Orange is an open-source, GUI based platform that is popularly used for rule mining and easy data analysis. The reason behind the popularity of this platform is it is completely code-free. Researchers, students, non-developers and business analysts use platforms like Orange to get a good understanding of the data at hand and also quickly build machine learning models to understand the relationship between the data points better.
In this article, we will be understanding:
- Why Orange?
- Installing and Setting up the tool
- Training your first machine learning model using Orange
Orange is a platform built on Python that lets you do everything required to build machine learning models without code. Orange includes a wide range of data visualisation, exploration, preprocessing and modelling techniques. Not only does it become handy in machine learning, but it is also very useful for associative rule mining of numbers, text and even network analysis.
Orange comes with multiple classifications and regression algorithms and all of these are implemented with drag and drop features. It can be used as an intuitive user interface or, for more advanced users, as a module for the Python programming language.
Installing and Setting up the tool
There are a few options you can use to install the tool. Firstly, you can click here to download the tool. You will see the following options to install the tool according to which Operating system you use.
Based on the OS, you can select the latest version of orange and the download will automatically begin. Once it is downloaded you can run the .exe file and launch the platform on your computer.
The next option is to install it using conda or pip command if Anaconda Navigator is already set up in your system.
To install the platform with conda use the command:
conda config --add channels conda-forge
conda install orange3
This will add the orange channel to your anaconda navigator and you can launch the tool from the navigator.
Since orange is built with python the last option to install it would be through the pip command.
It is better to create a virtual environment for this since a lot of dependencies need to be downloaded.
pip install orange3
Training your first machine learning model using Orange
Once the tool has been installed and setup you will be directed to the main page of the platform.

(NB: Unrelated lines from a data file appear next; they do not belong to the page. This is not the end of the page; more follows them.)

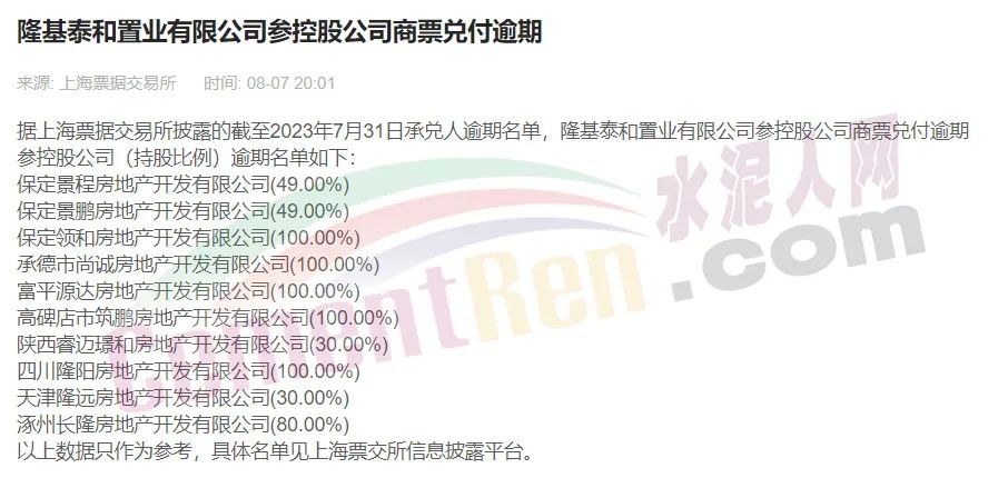 隆基泰和债务爆雷始于2021年底,旗下隆基泰和置业出现商票逾期,有10多笔商票拒付。直至今日,隆基泰和置业仍在上海票交所公布的“持续逾期名单”中。截至2023年6月30日,隆基泰和置业有限公司商票逾期5373.35万元,累计逾期发生额6300.44万元。
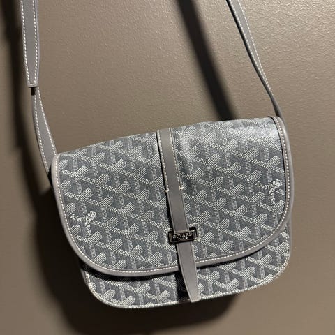 Goyard skulderveske i grå lær, designet for unisex bruk. Vesken har glidelås på toppen og to skulderstropper. Materialet er slitesterkt lær med et karakteristisk mønster. Passer til daglig bruk og kan romme personlige eiendeler. har god plass. Mye bruk igjen.
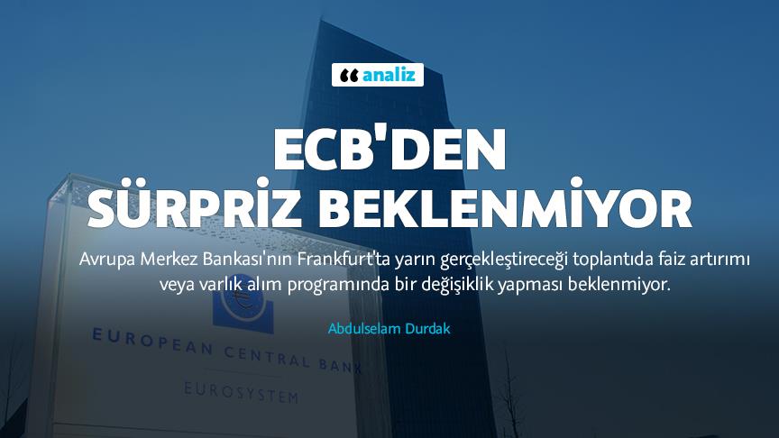 Avrupa Merkez Bankası'nın (ECB), son dönemde artan enflasyon ve olumlu ekonomik göstergelere karşın yarın yapacağı toplantıda faiz artırımı veya aylık 60 milyar avroluk varlık alım programında bir değişiklik yapması beklenmiyor.
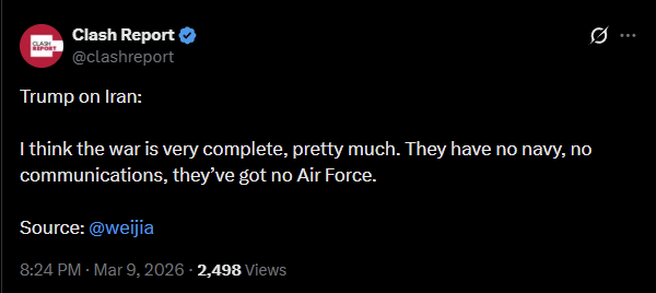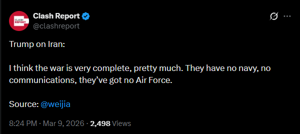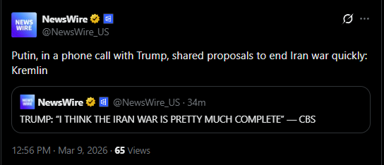 > President Trump says Iran war 'very complete,' talked to Putin — reportsITS OGRE
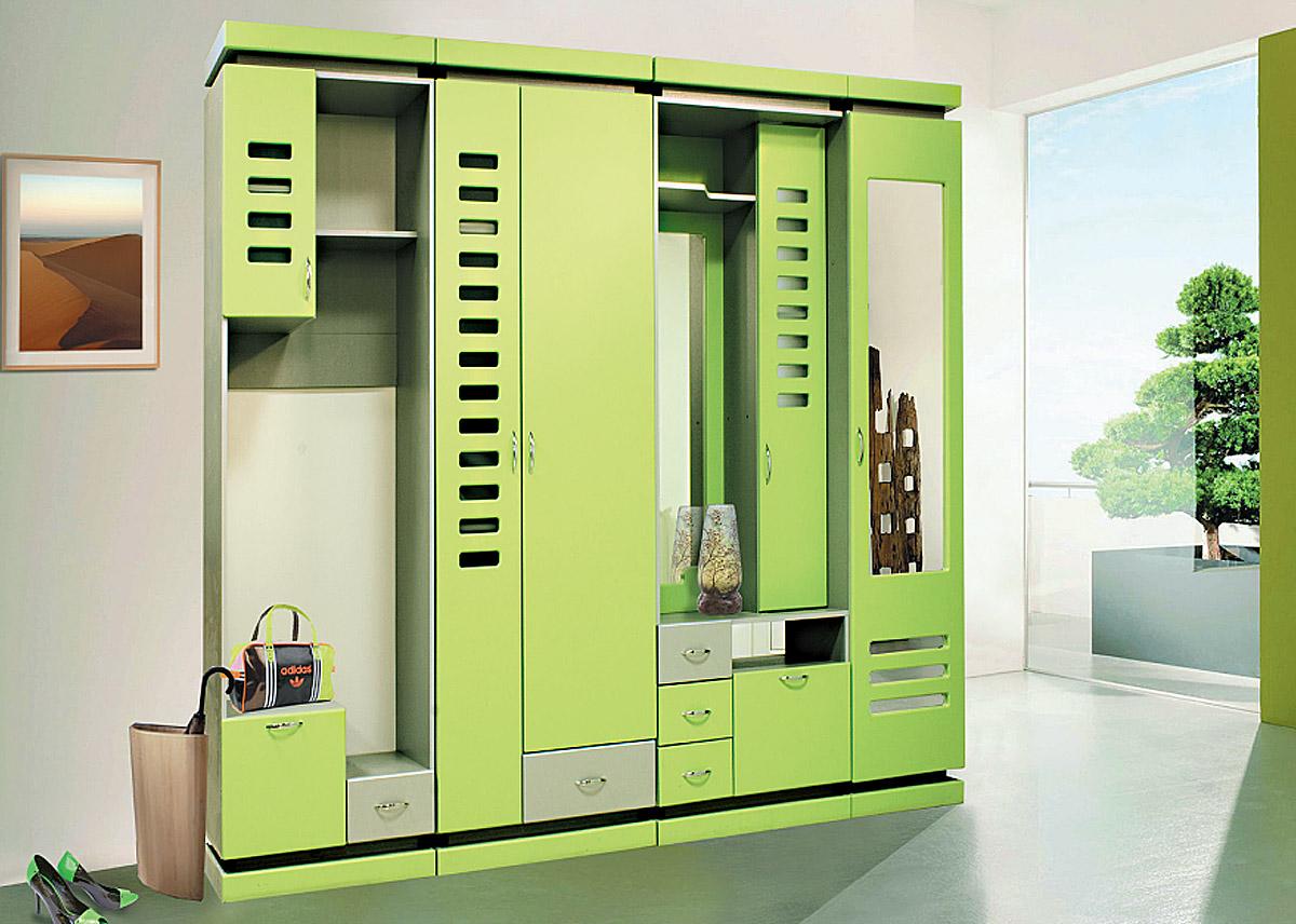Универсальный набор мебели для узкой прихожей в темном древесном оттенке.
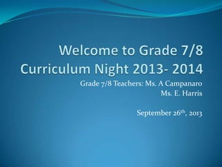 This document provides information about the Grade 7/8 teaching team, curriculum, homework policies, and supplies for the upcoming school year. It introduces the teachers and their subject areas. It outlines the homework policy, roles and responsibilities, and supplies needed. It provides an overview of the curriculum focus for term 1, including expectations in language, science, history, and math. It also includes sample culminating tasks and rubrics. Looking forward, information is provided about course selection and expectations for Grade 9.
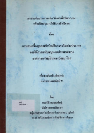 ผลงานวิชาการ เรื่อง การเสนอชื่อบุคคลเข้าร่วมกิจกรรมในต่างประเทศ ภายใต้การสนับสนุนงบประมาณขององค์การทรัพย์สินทางปัญญาโลก

As shown above, you have some options on the left like file, CSV file, datasets etc. To keep this demonstration simple I will choose a built-in dataset. There are a number of datasets that are readily available which can be seen by double-clicking the datasets option. You can add your own CSV file by clicking the CSV option also.
After deciding which dataset you want to work with we can proceed with file creation. I have selected a simple heart disease dataset. To create the file, drag and drop the ‘File’ to the right-hand side.
Double-click on the file to select the dataset and view the dataset.
If you have uploaded the dataset using CSV option the dataset will automatically show up in the file.
Now, you need to view the dataset in the form of a table to understand the features and target better. To do this you can drag a connecting line and you will see a list of options. Select the option called ‘Data table’ and double click on this component.
After loading the data it is important to produce clean data for machine learning model implementation. To clean the data, drag a connecting line again from the file component and select impute option.
In the impute component you can clean the data by filling in missing values either by mean on random data.
I have selected the option to fill missing data(if any) with the average values. You can also remove the rows with missing values or impute the data with model-based imputer.
Once we have clean data it is time to visualize the data distribution. To do this drag a connecting line from impute component and select the scatter plot option.
Double-click the scatter plot component.
Here you are presented with options to change the values in x and y axes, change colours of the points, change opacity etc. You can perform all the visualizations here and understand your data distribution.
After visualization the data it is time to build a model.
Our dataset indicates that it is a classification type problem and requires a classification algorithm. Since the target contains values of 0 and 1 we can use a simple logistic regression model.
Note: Since heart disease data is a built-in dataset, the target is marked automatically. If you are using a custom dataset you can set the target by navigating to file component and double-clicking on the column you want to set and selecting the target option.
Drag a connecting line from the impute component and select the logistic regression option.
Click on the component. Here you can set your preferences in regression methods like a lasso or ridge regression and also adjust the C values.
Once this is done, drag a connecting line from the logistic regression component and select the option of test and score. Be sure to connect the impute component also to test and score component.
Once done, the model will begin to train and display the results.
If you have a separate test dataset you can connect it here and select the option of test on test data as well.
You can drag a connecting line from test and score component and select the option to display a confusion matrix.
Thus, we have trained a machine learning model without writing code. You can train multiple models and compare them as well. Finally, to save the model you can press CTRL+S and save the entire orange window on the local system.
In this article, we saw the advantages that Orange platform provides especially for non-coders and implemented a simple machine learning model from scratch. Orange can be used for almost any kind of analysis but most importantly, for beautiful and easy visuals.